20 Introducing Abisi Cultural Economic History



Man playing Idom : percussion on  iron hoe during Bori ceremony. The two faces of economy, from material production to spirituality.

Today, economy is about making money. Some even think that without money, there is no economy.

In fact, economics is about resources and entrepreneurs, people who can make a living by using ideas, natural resources and tools.

Abisi Economic History starts as soon as the “Sitting Friends” began to transform Abisi Hill from an inhabited place to a human settlement.

They developed a Hoe Agriculture Economy.

Their basic mode of subsistence was agricultural, using large iron hoes to till their fields, cultivating a wide variety of domesticated plants, practicing fallowing to maintain soil fertility and depending on rain to provide water for their crops.

Their agricultural production was able to sustain their community because they cooperated together to make it work.

They had rules to access land and raw materials, they knew how to organize work schedules, they could push people to increase their work well beyond their substance needs.

They could even deal with the adverse risk effects of poor rainfall by involving their ideas about the role of ancestors and of the “rain father”!

Their economy was embedded into their kinship institutions: fathers and sons or brothers, wives, mothers and daughters, neighbors and in-laws. But also in work and age groups.

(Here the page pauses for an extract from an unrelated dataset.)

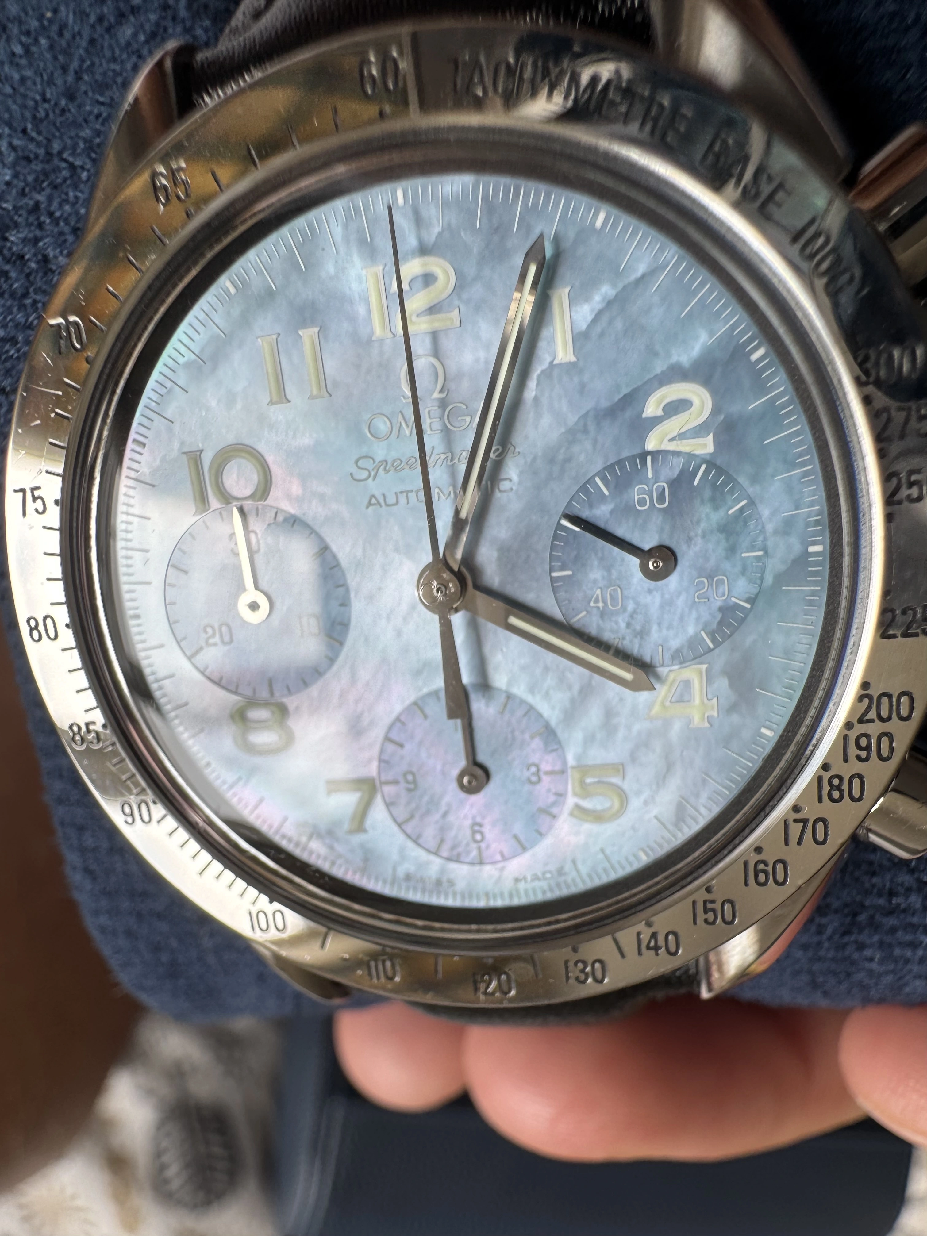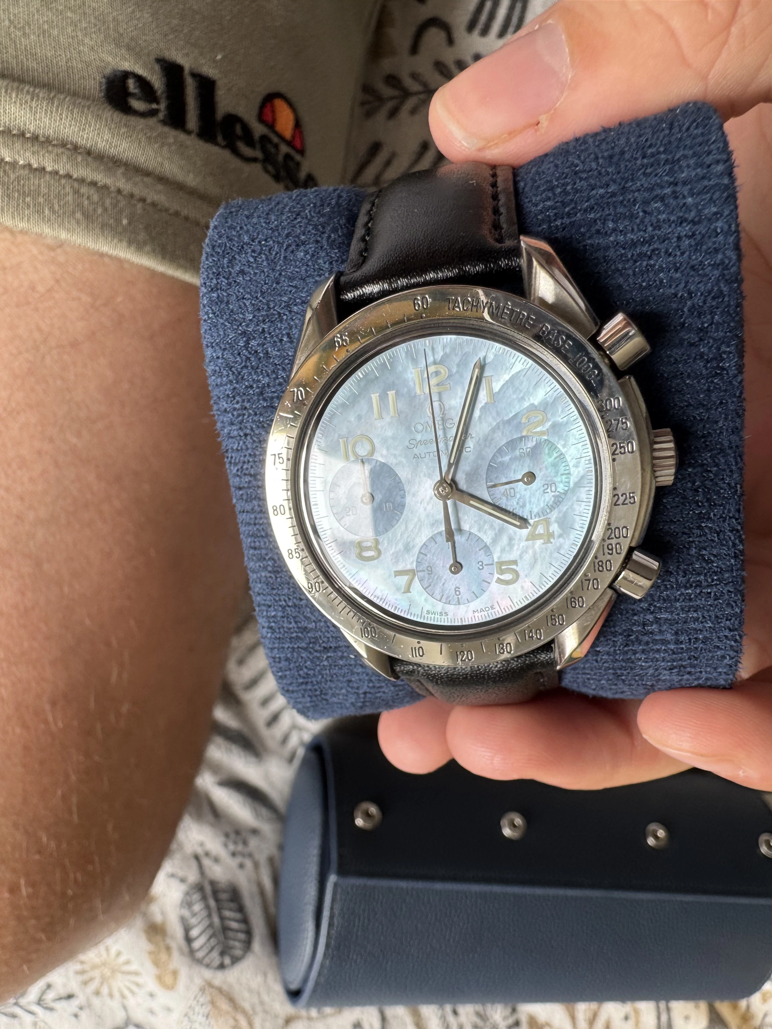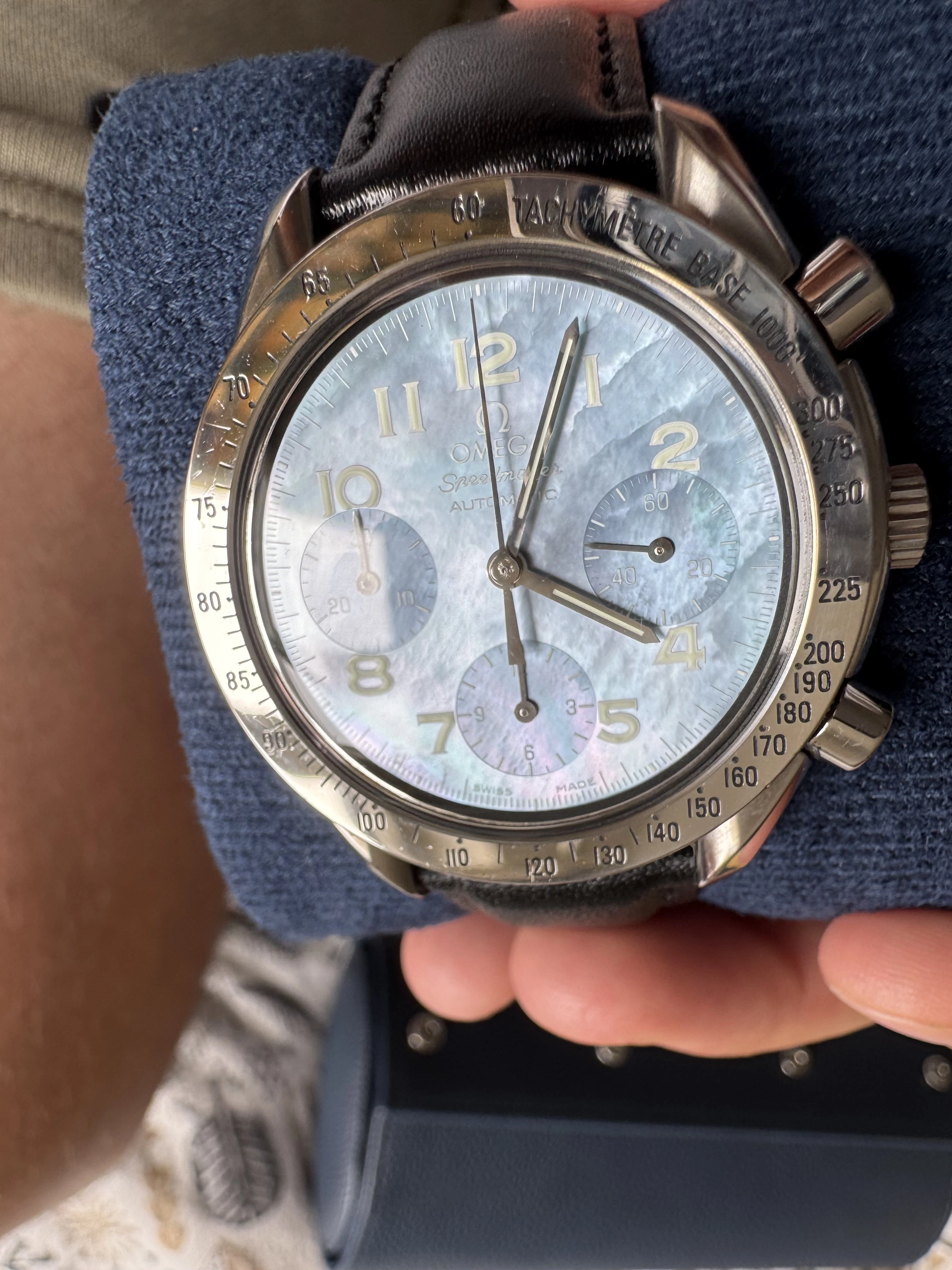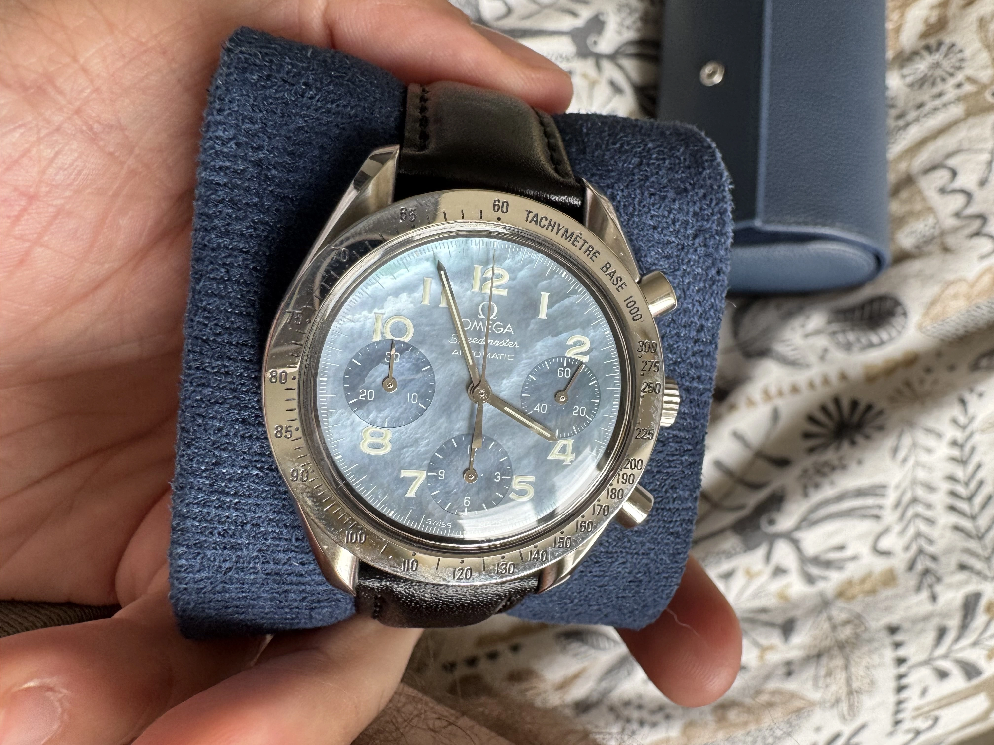 It’s a blue mother of pearl Speedmaster Reduced with reference 3502.73 from around 1998/9

Their “economic input” was motivated by many incentives: pride of being a successful family with many children and plenty of grain reserves, pride of being a praised hoers and pride of being able to give generous bride service to marry many women.

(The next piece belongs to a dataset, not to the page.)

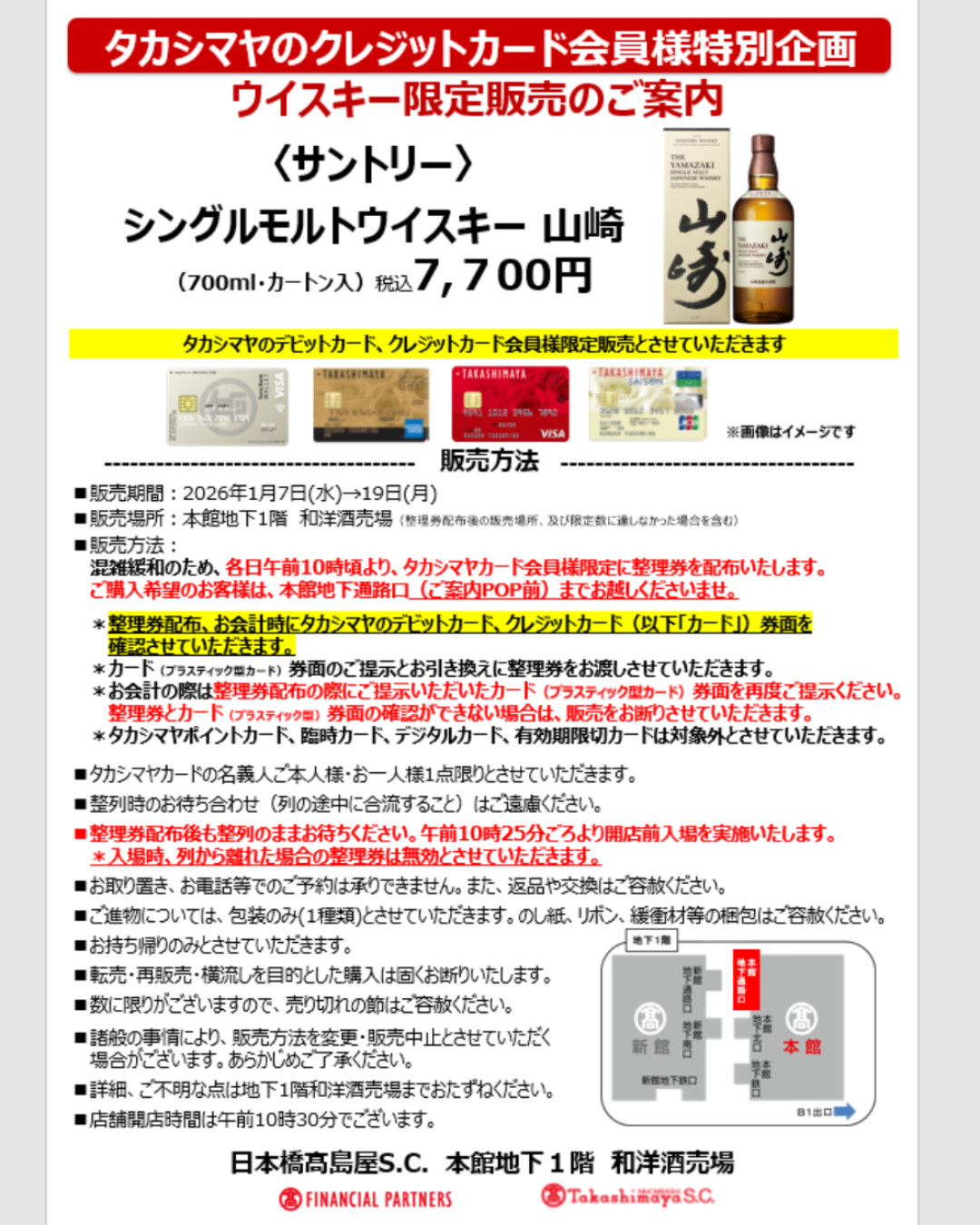 ■販売場所:本館地下1階 和洋酒売場(整理券配布後の販売場所、及び限定数に達しなかった場合を含め)

Even with all these economic assets at their disposal, Abisi never lived in autarky (independent) they relied on bartered products with their neighbors and imported many goods.

Their economy changed from this mostly self-substance economic model to a peasant economy when they had to pay tribute to the Zaria State.

That is when political control started to dominate their production. Zaria relied on cheap slave work and easy gains in resources by threatening smaller communities of military annihilation.

But the British colonial economy transformed these relations into a wider market economy where money was gradually introduced with the help of shell money and small metal pieces. New taxes were imposed in favor of the colonial administration,

In 1973, Pound, Shilling, and Pence had become Nairas and money was there to stay.

Local market places were finally accepted after years of resistance.